By Robert Greenwald and Derrick Crowe, Huffington Post
Here's some good news for your Monday morning: your agitation against profligate war spending is bearing fruit in Washington, DC. Public pressure, generated in part by the Rethink Afghanistancommunity, our allies and supporters, has put defense spending front-and-center in the budget debate, with representatives from both sides of the aisle now pushing for cuts. This once unthinkable shift is a good sign that people power in the U.S. can still challenge the dominance of the military-industrial-congressional complex.

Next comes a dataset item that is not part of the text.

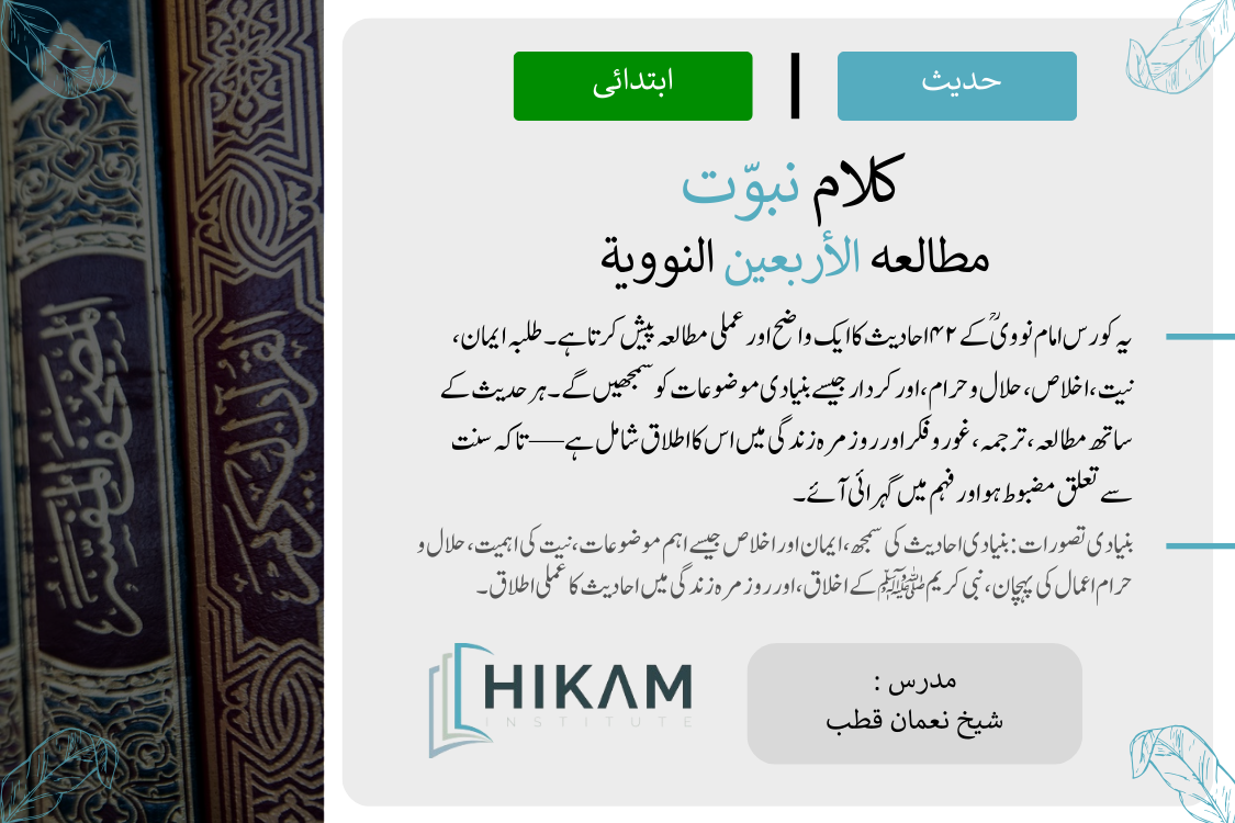 ان باتوں کو ذہن میں رکھتے ہوئے، ہمیں یہ اعلان کرتے ہوئے خوشی ہو رہی ہے کہ ہم نے سنت کو سمجھنے کے لیے ایک نیا کورس متعارف کرایا ہے۔ اس کورس میں ہم معزز اسلامی عالم امام نووی کی ایک نہایت معزز کتاب کا مطالعہ اور غور کریں گے—تین ماہ میں 42 احادیث پر توجہ مرکوز کی جائے گی۔

A June 24th National Journal article focusing on the dying cult of counterinsurgency shows how political pressure from the people is forcing a rethink of hyper-expensive military undertakings, emphasis ours:
"As the 2012 presidential campaign gets under way and the political debate centers on the debt ceiling and the deficit, the mounting cost of the war has eclipsed the casualty rate as Topic A. A new poll by the Pew Research Center for the People and the Press shows that nearly 60 percent of Americans believe that the cost of the wars in Iraq and Afghanistan has contributed 'a great deal' to the nation's debt--more than, say, increased domestic spending or the tax cuts enacted over the past decade. The public is clearly growing disenchanted with [counterinsurgency's] expense and incremental progress. Even traditionally hawkish Republicans, particularly in the House, have begun to balk."